There is some good news on the civil asset forfeiture front – and it comes from Maine, where the state has approved a law that requires a conviction before law enforcement is allowed to seize property.

According to the Tenth Amendment Center’s Amanda Bowers:

Rep. William Faulkingham (R-Winter Harbor) along with two fellow Republicans, four Democrats and a Libertarian, introduced House Bill 1521 (LD1521) on April 15. The new law repeals the state’s civil forfeiture process and implements a criminal procedure that requires a conviction before prosecutors can proceed with asset forfeiture in most cases.

“It’s a very simple concept; you don’t lose your property unless you used it in the commission of a crime, or knowingly allowed someone else to use it in the commission of a crime,” bill sponsor Rep. Billy Bob Faulkingham wrote in May testimony supporting his bill. “It is time to end this workaround that makes people prove innocence, rather than prosecutors proving guilt. This is one of the founding principles of our country.”
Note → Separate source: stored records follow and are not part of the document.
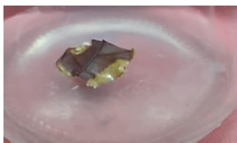
Figure 4. Partial browning explants in the sterilization method 2
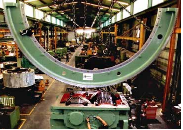
SELF ALIGNING, TWIN PINION MILL DRIVE GEARBOX

©Copyright 2019, Hofmann Engineering Pty Ltd.
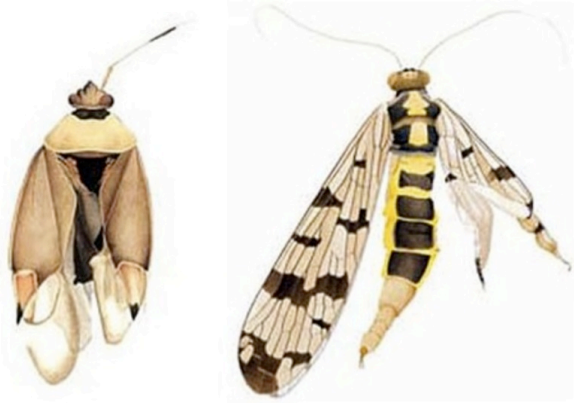
Left: Soft bug (Miridae) from Gösgen, Switzerland ; Right: Scorpion fly (Panorpis Communis) from Reuenthal, Switzerland © Cornelia Hesse-Honegger

Her research suggests that the official ‘low dose event’ category for Chernobyl, and its estimate of 28-32 deaths from acute radiation and 15 subsequent deaths from thyroid cancer is mistaken and should be re-calculated. 47 Of the 16,000 bugs collected until 2007, she found a 30% increase in severe deformities (missing feeler sections, malformed wings, asymmetric body segments, ulcers, black spots, altered pigmentation), 10 times higher than the 1-3% norm. Rather than concentric circles used to measure the distance from the hypocenter as in the model used for Hiroshima, she found topography, wind direction and hydrology as determinants in radiation distribution.
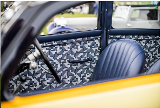
Besides the countless remarkable blue-chip collector cars competing for class and overall wins, this year's Pebble Beach Concours d'Elegance put the spotlight on the centennial of Lincoln, a brand rarely featured at concours events but highly interesting, the Talbot Lago Grand Sport and the Alfa Romeo 8C 2300. Another highlight of post-war Italian design and engineering was the special class of 'Otto Vu' Fiats and Siatas – an automotive species that is rightfully getting more and more attention.
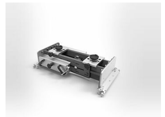
HDSMHFL160-200-F07 jacking beam 16 t, pneumatic
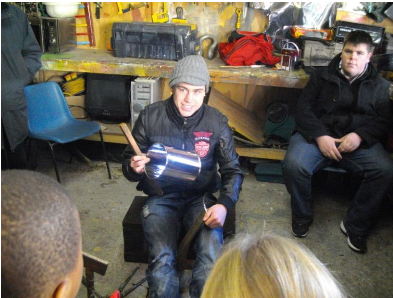
Two work experience students from Youthreach show off their new tin skills at the MTW open day

Volunteers and Students regularly request placements with our organisation. Following on from a Volunteer Management Training course we attended through Meath Volunteer Centre, we have now in place a simple contract to ensure that the expectations of the volunteer and ourselves are clear from the outset.
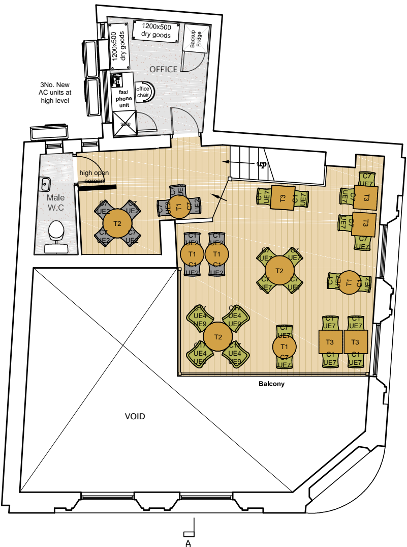
PROPOSED MEZZANINE PLAN 33 No. Covers 13 No. Tables
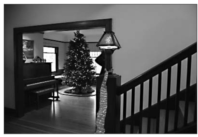
327 Addison Avenue
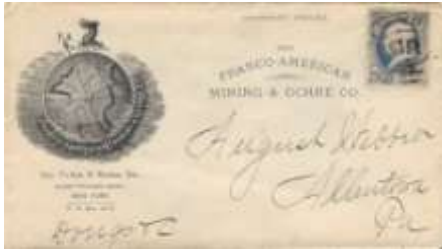
Lot 19 Beautiful (unsealed) c/c cover from NYC w. NEW YORK mute double oval canceling 1¢ blue to Allentown, Pa. Cat. Value $100; Min. $55
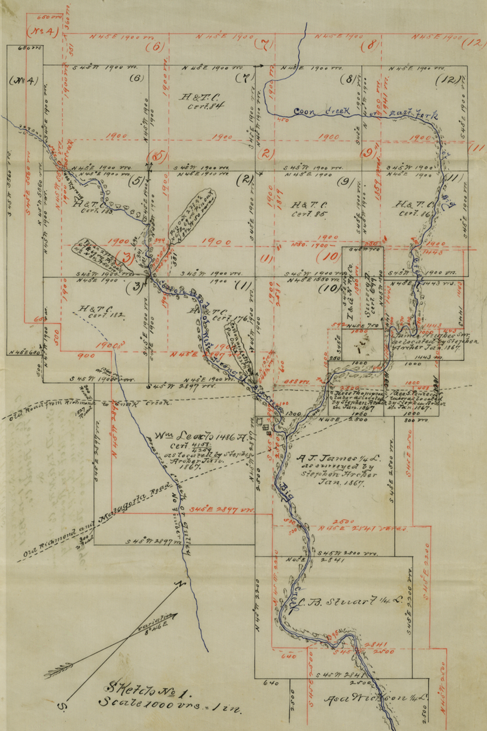
Sketch No. 1. Scale 1000 vns. = 1 in.
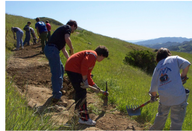
Scout crew works on Big Rock Trail.
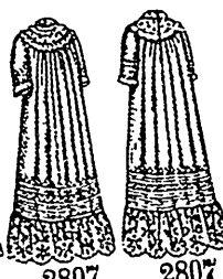
Infants' Dress (Copyright). One size: Price, 10d. or 20 cents.
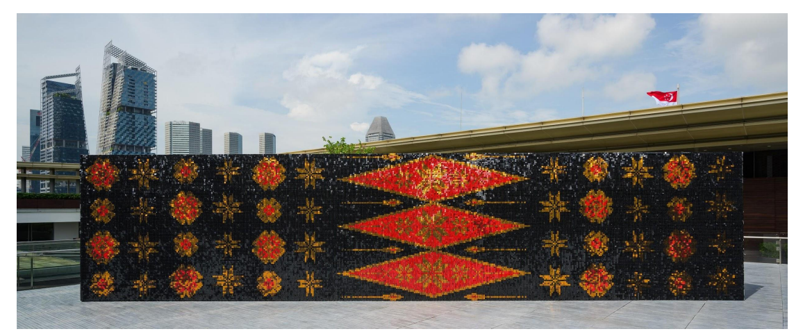
Installation view of GLISTEN wall with Songket patterns, National Gallery Singapore, 2024.

Songket is a textile handwoven in silk or cotton and patterned with gold or silver threads, and Lisa Reihana looked into Malaysian Songket weave patterns for GLISTEN , referencing materials such as Malaysian artist Grace Selvanayagam's book, Songket: Malaysia's Woven Treasure . Songket is traditionally worn during ceremonial occasions including weddings and religious ceremonies where the colour and grandeur of Songket adds to the occasion, and in the early centuries, Songket was only worn by Malay royalty. The motifs featured in the patterns include the Pucuk Rebung Gigi Yu which fuses the Rebung (bamboo shoot) and shark motifs, the Teratai (lotus) which is associated with Malay culture and religions, and the mangosteen which symbolises the reflection of one's feelings or one's inner self as related to human spiritual state (Dawa, 1997).
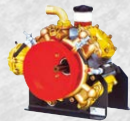
Heavy duty brass 170 pump standard
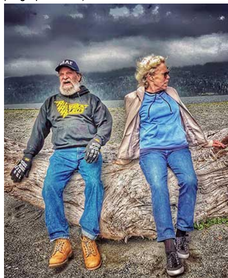
Work by Eric Raddatz

Supergraphic , 601 Ramseur Street, Durham. Ongoing - Supergraphic is a creative art studio dedicated to providing work space, equipment and instruction for the production of fine art prints and print media. Hours: open by appointment and during Third Friday art walks. Contact: 919/360-4077 or at ( http://durhamsupergraphic.com/ ).
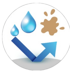
Water and dirt repellent
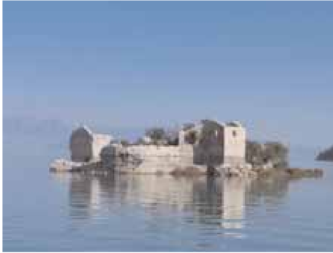
Caption will go here
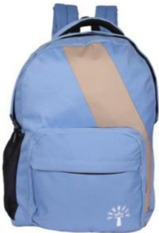
BAG – BLUE-PIS SIZES – SMALL, BIG
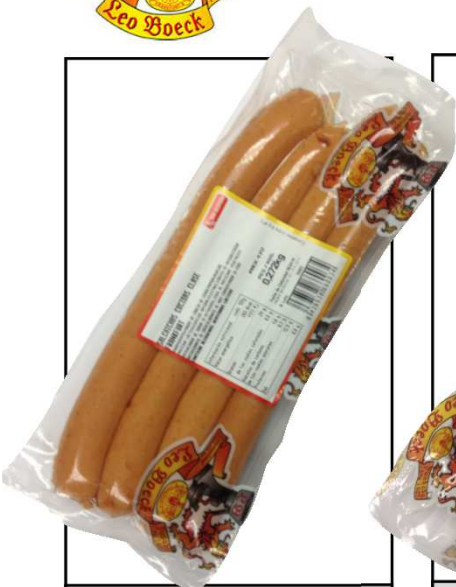
FRANKFURT TRIPA NATURAL 4U 280G REF. 1610 UXC: 6 UdM: P
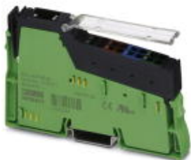
The illustration shows the version IB IL 24 PWR IN/F-PAC

Inline power terminal block, complete with accessories (plug and labeling field), 24 V DC, with fuse (main and segment voltage) and diagnostics, transmission speed 2 Mbaud
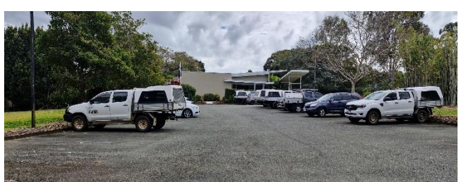
2. Turn right to meeting room Car Park
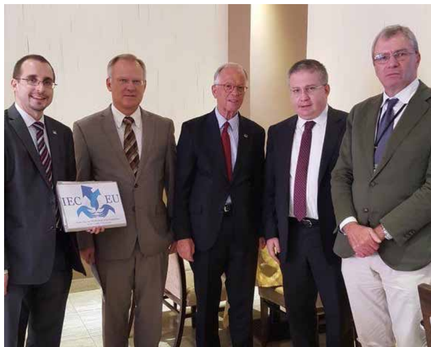
IECEU-delegation visiting South-Sudan

outbreak of the civil war had to be evacuated. The chapter will look into the main challenges the mission was confronted with as well as highlight some lessons learnt out of EUAVSEC.
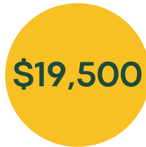
Total Awarded in Spring 2023
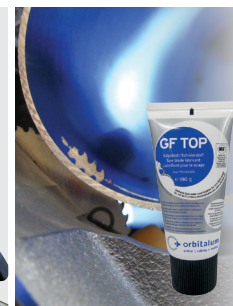
Saw blade lubricant GF TOP included
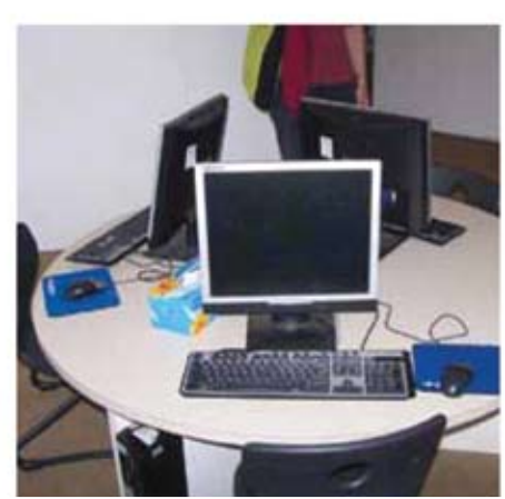
A classroom computer-pod – children face each other to facilitate interaction

The law also effectively opts Maine out of a federal program that allows state and local police to get around more strict state asset forfeiture laws. This is particularly important in light of a policy directive issued in July 2017 by then-Attorney General Jeff Sessions for the Department of Justice (DOJ) that remains in effect today.

On June 3, both the House and the Senate gave final approval to LD1521. Gov. Janet Mills took no action within her allotted time and it became law without her signature on July 13. The law went into effect on Oct. 18.

This is a positive reform that curbs a practice that encouraged property seizures before any guilt – and sometimes even any charges – were secured. More states should follow suit.